The following code chunk calls the above function and uses the differently tuned classifiers as inputs.

# Splitting dimensionality reduced data set
rgb_data_reduced_train, rgb_data_reduced_test, labels_train, labels_test = train_test_split(rgb_data_reduced, labels, random_state=42, test_size=0.10)

# Define new classifiers with hyperparameters from Grid Search
classifier_RandomForest_test_speed_tuned = RandomForestClassifier(random_state=42, n_estimators=250, max_features="auto", bootstrap=False)
classifier_SGD_test_speed_tuned = SGDClassifier(random_state=42, penalty="l2", alpha=0.01, max_iter=100)

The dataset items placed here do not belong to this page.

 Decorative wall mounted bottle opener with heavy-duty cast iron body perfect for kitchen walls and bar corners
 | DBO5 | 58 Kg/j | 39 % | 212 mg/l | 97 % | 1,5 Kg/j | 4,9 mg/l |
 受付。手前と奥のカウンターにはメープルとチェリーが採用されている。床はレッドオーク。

# Train classifier and evaluate on test set
eval_scores_RF_speed_tuned = test_clasf(classifier_x = classifier_RandomForest_test_speed_tuned, 
                                       rgb_data_train=rgb_data_reduced_train, 
                                       rgb_data_test=rgb_data_reduced_test, 
                                       labels_train=labels_train, 
                                       labels_test=labels_test)

eval_scores_SGD_speed_tuned = test_clasf(classifier_x = classifier_SGD_test_speed_tuned, 
                                       rgb_data_train=rgb_data_reduced_train, 
                                       rgb_data_test=rgb_data_reduced_test, 
                                       labels_train=labels_train, 
                                       labels_test=labels_test)


Results on the Test Set

We get the following results:

Please note that the prediction time here is not displayed per image, but for predicting the whole test set (10% of the full data).

Conclusion(s)

This article shows how to successfully implement ML algorithms for face mask detection. It further indicates that ML algorithms based on image classification of pixel representations can indeed solve the problem at hand reliably and fast. We achieve accuracy scores of well above 99% with the tuned RF classifier trained on all features.

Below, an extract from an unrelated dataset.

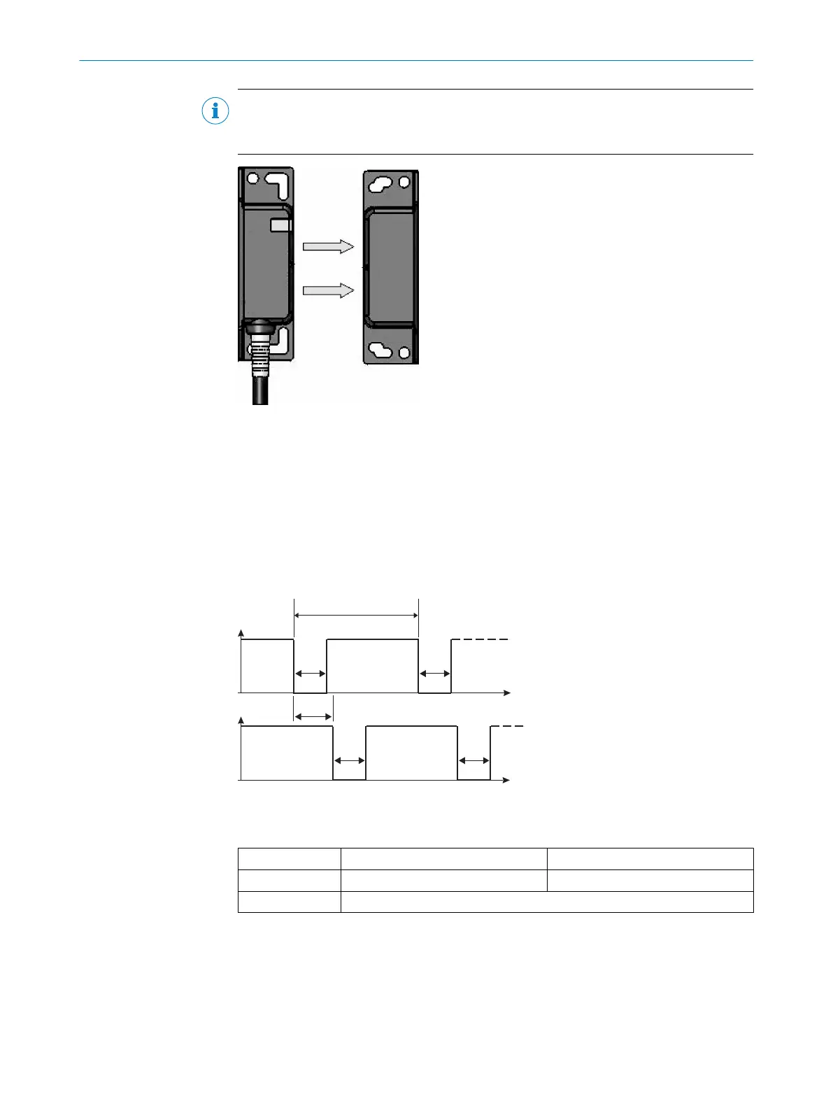 The safety locking device tests the OSSDs for self-diagnosis at regular intervals. To

Additionally our comparision reveals that predicition time is a non-factro for either classifier while, when faced with resource constraints e.g.when the classifier is trained multiple times per day, the SGD classifier might be worth considering. It has a much better runtime and can be trained very fast and still has an overall accuracy of well above 96%. Especially considering the assumed usecase of monitoring gatherings this is beneficial, as the algorithm can be constantly updated and trained even several times per hour. This conclusion is of course limited by some factors described below.

Data limitations

As discussed above high quality data is pivotal for real-world application. We limited our approach to portrait style pictures consisting of a large set of images artificially augmented with masks and a smaller real-world set. Thus our classifiers are only performing on portrait style pictures and are not abled to identify masks in groups of people or if the input is not a portrait.

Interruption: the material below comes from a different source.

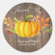 Mariage Favor Little Citrouille Merci Sticker rond avec arrière - plan en bois rustique. Pour plus de personnalisation, cliquez sur le bouton "Customiser" et utilisez notre outil de conception pour modifier ce modèle.

No use of ensemble methods

When analyzing and tuning multiple classifiers implementing an ensemble approach can be beneficial. However, we decided against this for two reasons. Firstly, our results were already very accurate and there was considerable overlap in the errors, only offering limited scope for improvement. Secondly, by design ensemble classifiers would yield longer prediction and training times.

Limited hyperparameter tuning

The project could be improved with additional runs of hyperparameter tuning and by including further hyperparameters.